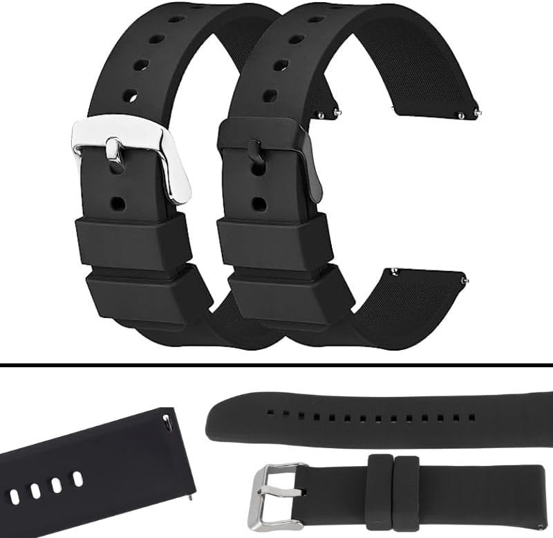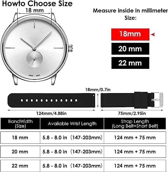 Silicone watch replacement strap Packing list: 1PCS black buckle + 1PCS silver buckle Band size: 5.7 inches to about 8 inches wrist, Length: 212mm/8.34 inches, Width: 18mm/0.7 inches, Thickness: 9mm/0.35 inches. (for 18MM) After-sales service: If you have any questions, please contact us, we will reply you within 24 hours. We will provide after-sales service in time, please rest assured to buy
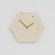 Formed with clean geometric lines, this hexagonal wall clock features sleek gold toned hands which give it a luxurious touch. A terrazzo pattern in pink and grey shades adorns the clocks textured face. Use this clock in a nordic setting and style it with the Mimo small or large photo frame for coordination.
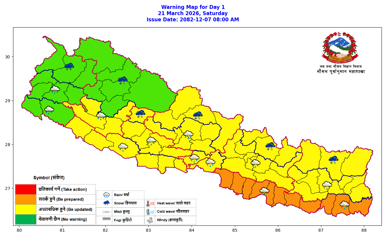 महाशाखाका अनुसार कोशी, मधेश, बागमती र गण्डकी प्रदेशका धेरै स्थानहरू तथा लुम्बिनी, कर्णाली र सुदुर पश्चिम प्रदेशको केही स्थानहरूमा मेघगर्जन र चट्याङ्गसहित असिना तथा हावाहुरीसहित मध्यम वर्षा र हिमपातको सम्भावना छ ।
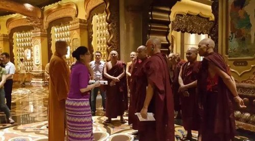 参观舍利藏宫之后,长老一行来到舍利大殿,虔诚的瞻拜了供奉于舍利大塔内的诸圣舍利。缅甸的长老们对舍利大殿里精妙绝伦的建筑艺术和工艺品展陈赞叹不已,不停感叹“未曾见过”,并与这里留下很多合影。离开舍利大殿后,长老们乘最美扶梯“法雨流芳”上行来到禅境大观,齐绕卧佛一周,虔诚祈祷,并观看了唯美殊胜的敦煌飞天舞演出《如莲佛颂》。
= = = =
YOUR ASSIGNMENT: The finished copy should match the data above word for word and contain no pictures.

ANSWER SECTION:
 Silicone watch replacement strap Packing list: 1PCS black buckle + 1PCS silver buckle Band size: 5.7 inches to about 8 inches wrist, Length: 212mm/8.34 inches, Width: 18mm/0.7 inches, Thickness: 9mm/0.35 inches. (for 18MM) After-sales service: If you have any questions, please contact us, we will reply you within 24 hours. We will provide after-sales service in time, please rest assured to buy
 Formed with clean geometric lines, this hexagonal wall clock features sleek gold toned hands which give it a luxurious touch. A terrazzo pattern in pink and grey shades adorns the clocks textured face. Use this clock in a nordic setting and style it with the Mimo small or large photo frame for coordination.
 महाशाखाका अनुसार कोशी, मधेश, बागमती र गण्डकी प्रदेशका धेरै स्थानहरू तथा लुम्बिनी, कर्णाली र सुदुर पश्चिम प्रदेशको केही स्थानहरूमा मेघगर्जन र चट्याङ्गसहित असिना तथा हावाहुरीसहित मध्यम वर्षा र हिमपातको सम्भावना छ ।
 参观舍利藏宫之后,长老一行来到舍利大殿,虔诚的瞻拜了供奉于舍利大塔内的诸圣舍利。缅甸的长老们对舍利大殿里精妙绝伦的建筑艺术和工艺品展陈赞叹不已,不停感叹“未曾见过”,并与这里留下很多合影。离开舍利大殿后,长老们乘最美扶梯“法雨流芳”上行来到禅境大观,齐绕卧佛一周,虔诚祈祷,并观看了唯美殊胜的敦煌飞天舞演出《如莲佛颂》。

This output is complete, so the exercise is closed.